Five radiologists, including 2 neuroradiologists (S.H.B. and S.J.C., with 10 and 9 years of experience in neuroradiology, respectively) and 3 radiology residents (J.H.J., H.S.C., and H.U.C., with 4, 3, and 3 years of clinical experience, respectively), participated as observers. The radiologists who determined the reference standard did not participate. Each reviewer conducted 2 separate assessments of all TOF-MRA studies (n = 138) across 2 sessions. The studies were randomly divided into 2 blocks (Block A and Block B, each containing 69 studies). During the first session, studies in Block A were reviewed with AI assistance, and those in Block B were reviewed without AI. To mitigate bias and memory recall effects, a compulsory 4-week washout period was placed between the sessions. After this interval, the review conditions were swapped: During the second session, studies initially reviewed with AI (Block A) were assessed without AI, and vice versa for Block B (Fig 2). The reviewers were blinded to the patient information and reference standards. They were instructed to assess whether there is stenosis or occlusion in the intracranial artery by using a commercial PACS. Upon conducting an AI-assisted review, the heat map generated by the AI model was superimposed onto the MIP TOF-MRA images. The heat map images were reviewed using an additional viewer (Windows Photo Viewer, Microsoft). The participants were instructed to mark a stenotic or occlusive lesion by recording the coordinates of the central portion of the lesion. The confidence rating for each lesion ranged from 1 (very uncertain) to 5 (absolutely certain). The overall reading time was recorded for each case. During the review, they were encouraged to evaluate both the source and MIP TOF-MRA images.

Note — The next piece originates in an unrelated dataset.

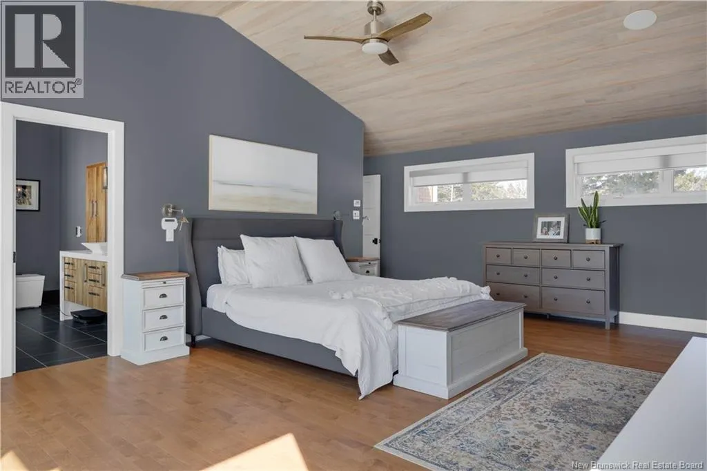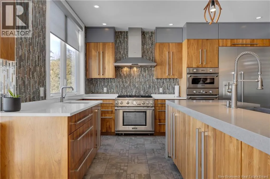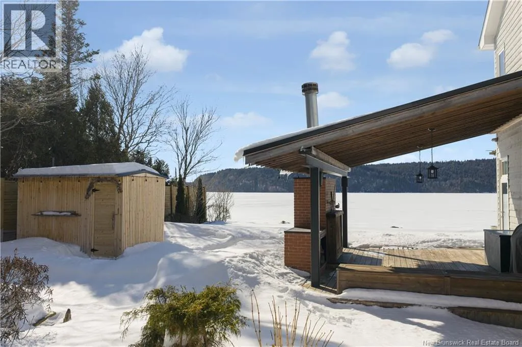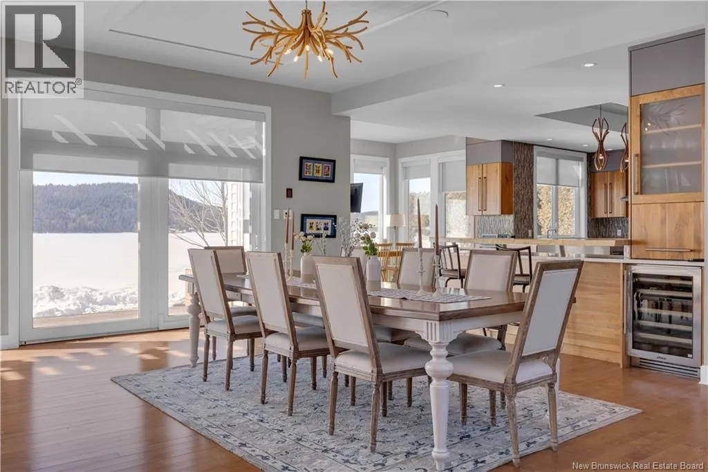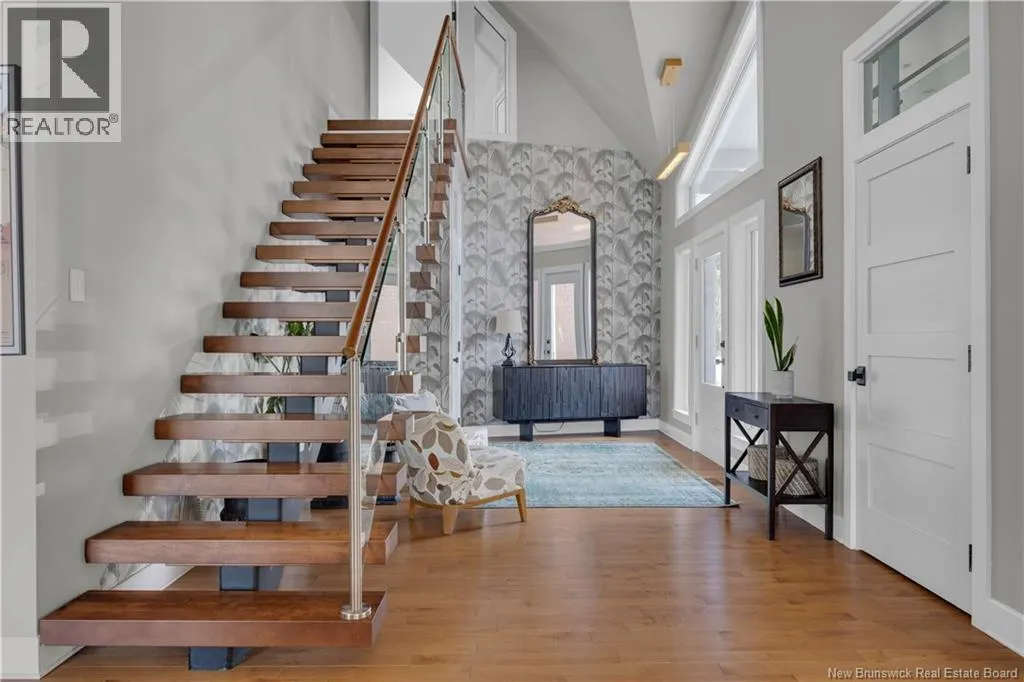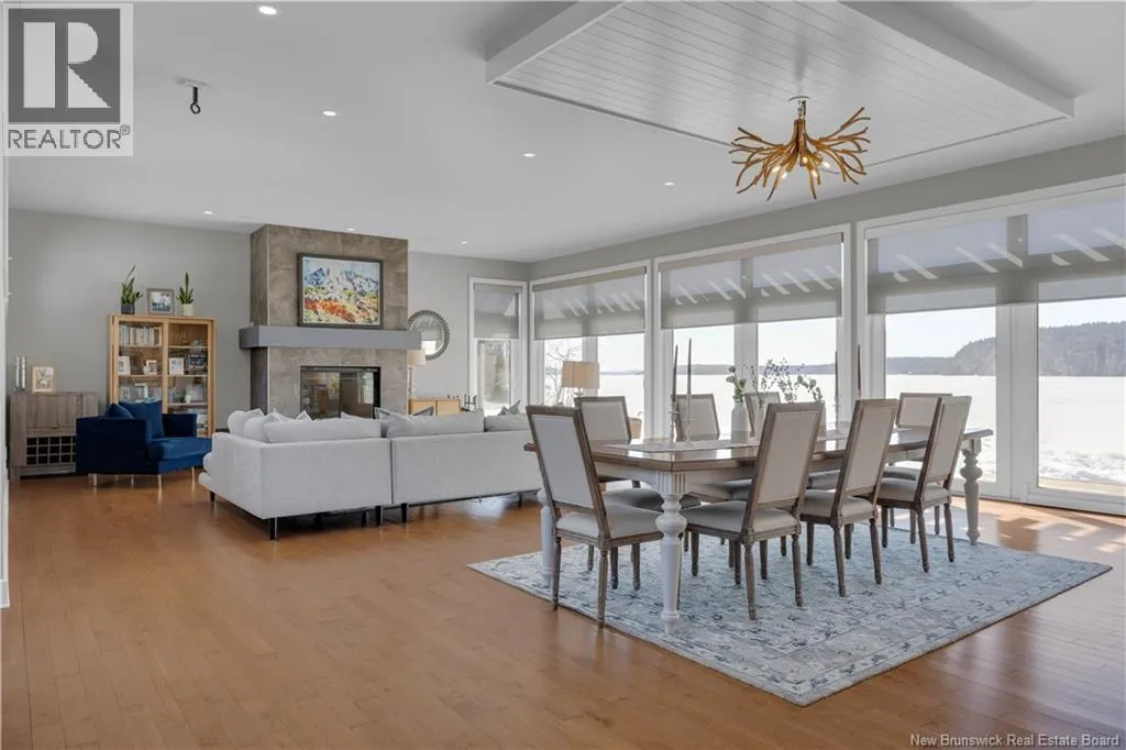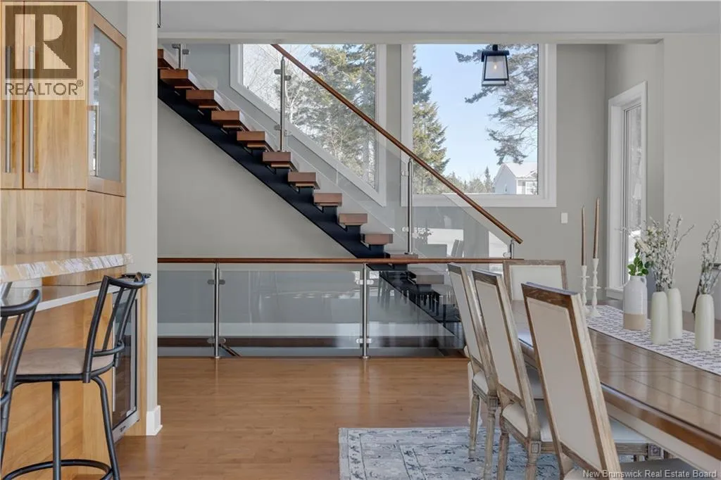Gondola Point Road to River Road to Maliseet in Sagamore Point Prime Rothesay waterfront! Perched on 0.94 acres with approx 160 feet of frontage on the beautiful Kennebecasis River, this contemporary luxury home blends indoor elegance with stunning outdoor living. Expansive 10 ceilings, floor-to-ceiling windows, and glass walk-outs highlight the great room with wood burning fireplace, perfect for entertaining. Chef-inspired kitchen features walnut cabinetry, quartz waterfall island, Thermador appliances, espresso bar, and heated tile floors. Main floor office can double as 4th bedroom with full bath access. Upstairs, three oversized bedrooms all have ensuites, including a spa-like principal suite with propane fireplace, panoramic river views, and custom walk-in closet. Lofted family room with fireplace adds extra living space. Finished basement includes gym, rec room, and plenty of storage. Two geothermal heat pumps provide efficient heating and cooling. Outside, enjoy saltwater pool, composite decking, slate patios, sauna, outdoor pizza oven, and professionally landscaped private grounds. Oversized 3-car heated garage, paved driveway, and extra-wide walkway complete this exceptional riverfront retreat designed for casual elegance and entertaining. Make your waterfront dreams a reality in this unmatched beauty! (id:27476)

A diagram illustrating the observer performance study. Each observer conducted 2 separate TOF-MRA reviews across 2 reading sessions: 1 without AI and another with AI. There was a washout period of 4 weeks or longer between these sessions.

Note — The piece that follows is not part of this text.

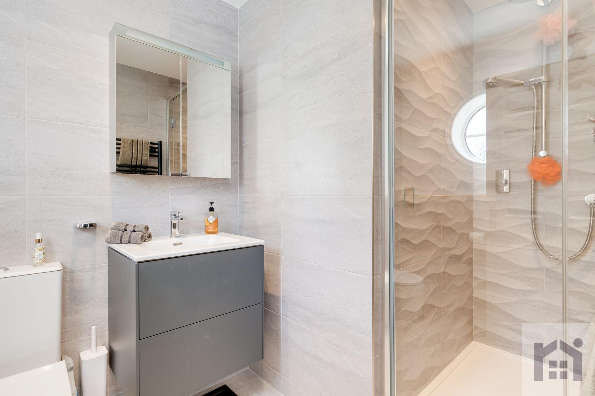 Completing the ground floor is reception four/bedroom five with en suite in a wet room style comprising electric shower in walk in cubicle, wc, floating wash hand basin and ladder heated towel rail.
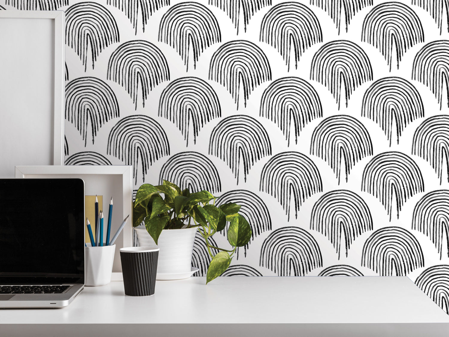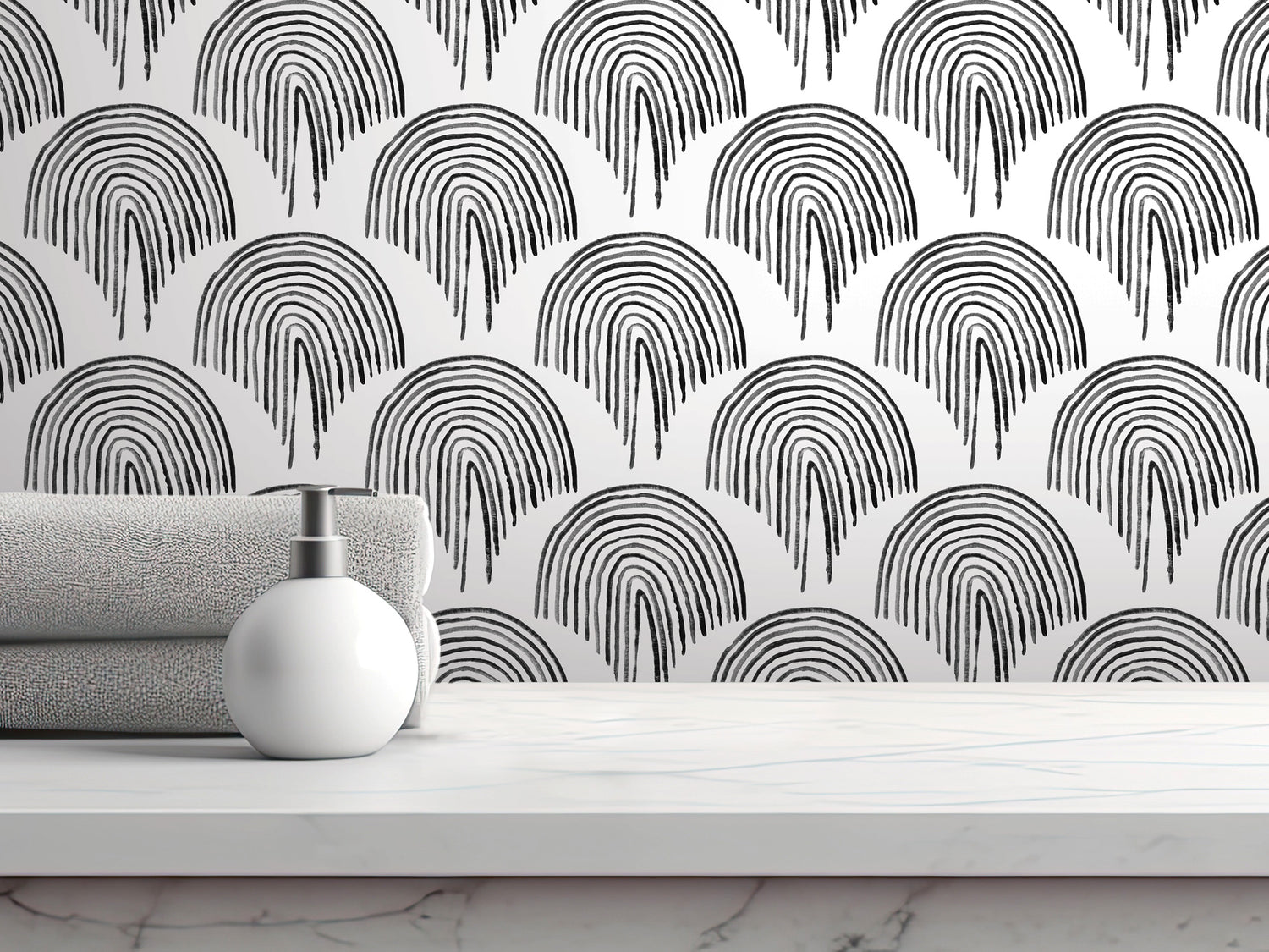 Black White Boho Floating Rainbow Wallpaper - Peel and Stick Mural (MW2104)

The observers’ performances were stratified into neuroradiologist and radiology resident groups and were combined eventually. An overlap between the lesions marked by the observer (indicated by the coordinates) and reference standard (annotated across the entire length) was classified as a true-positive finding; otherwise, it was classified as a false-positive finding.
Statistical Analysis
We performed a jackknife free-response receiver operating characteristic (JAFROC) analysis to evaluate the reviewers’ localization performance on a per-lesion basis.13 The area under the JAFROC curve (AUFROC) indicates the probability that the lesion rating marked in the diseased case is greater than the highest rating in the healthy case. We calculated the AUFROC according to AI use and performed a comparison test by using the Dorfman-Berbaum-Metz method.14 Comparisons based on AI use were calculated as fixed-reader random cases; for pooled reviewers, they were calculated as random-reader random cases. We computed the area under the receiver operating characteristic curve (AUC) to measure the performance on a per-patient basis. We calculated the average of the reviewers’ ratings per patient. Similar to JAFROC, we performed a comparison test of the AUC by using an identical method for each reviewer and pooled reviewers.

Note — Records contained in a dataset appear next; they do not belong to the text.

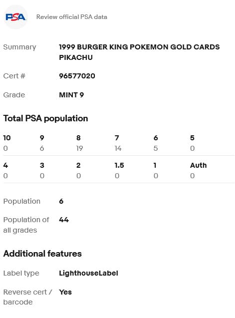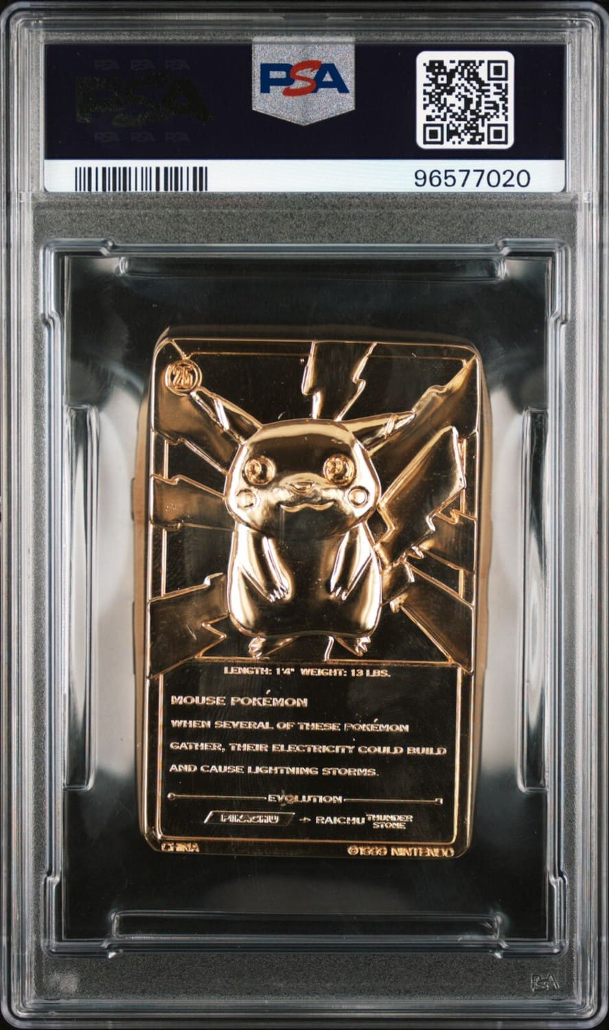 Jede Karte besteht aus massivem Metall und ist mit einer Schicht aus 23-karätigem Gold veredelt. Während unbewertete Exemplare üblicherweise für unter 100 € erhältlich sind, werden bewertete Karten nur selten auf dem Markt angeboten. Zum Zeitpunkt dieses Artikels hat PSA insgesamt 44 Pikachu-Karten bewertet – davon erhielten lediglich sechs Exemplare die Bewertung PSA 9. Aktuell werden für dieses goldene Sammlerstück bis zu 8.500 € gezahlt.
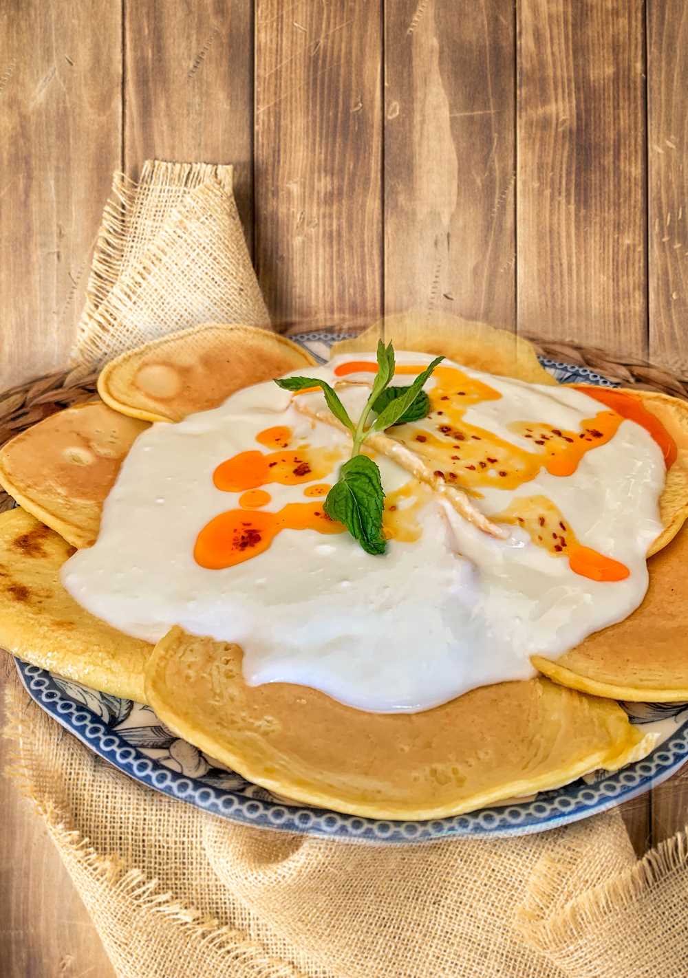 Yumurtaya un ve tuz eklenip macun kıvamında çırpılır. Dört beş bölüm halinde tereyağında iki taraflı kızartılır. Sunum tabaklarına alınıp üzerine su ile açılmış sarımsaklı yoğurt ve pul biberli tereyağı sos dökülür, nane ile süslenip sunulur. Ayrıca yöre mutfağında yumurtanın çırpılarak yağda pişirilmesi şekline kaygana, az haşlanmış yumurtanın ucunun açılıp kaşıkla yenilmesi şekline ise mıhla adı verilir.
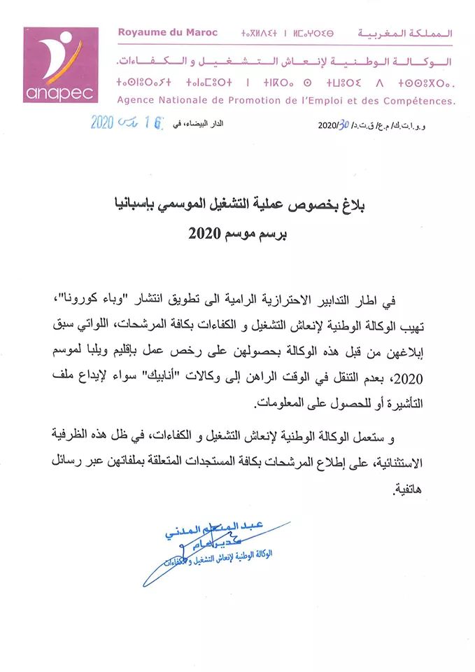Alwadifa ANAPEC / Alwadifa Maroc / Autres offres d'emploi / Emploi news / Offres d'emploi ANAPEC / Type أنابيك بلاغ بخصوص عملية التشغيل الموسمي بإسبانيا برسم موسم 2020 ShareSharePin It أنابيك بلاغ بخصوص عملية التشغيل الموسمي بإسبانيا برسم موسم 2020
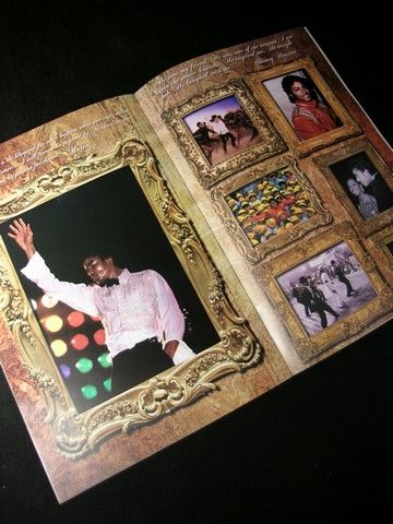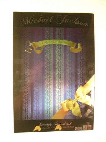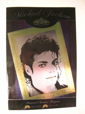 This is a glossy, 16 page program from the Michael Jackson Memorial Service on July 7, 2009. These programs with the two gold emblems on the lower front cover were given out to family and friends only and were not available to the general public. The program features a biography, photos, and comments from Michael throughout the years, as well as some never befroe seen photos from Mrs. Katherine Jackson's private collection. A beautiful program and lasting tribute to the unequivocal King of Pop. (measures approx 13 1/2"x 9 1/4")

We calculated the sensitivity and specificity to measure the diagnostic accuracy of the reviewers. The sensitivity was calculated for each lesion and per patient. Sensitivity per lesion was calculated under a cutoff of the sum of the 1 – false-positive fraction, and the lesion localization fraction was maximized. The sensitivity per patient was calculated by using an optimal cutoff to maximize the Youden J statistic.15 Specificity was calculated for each patient.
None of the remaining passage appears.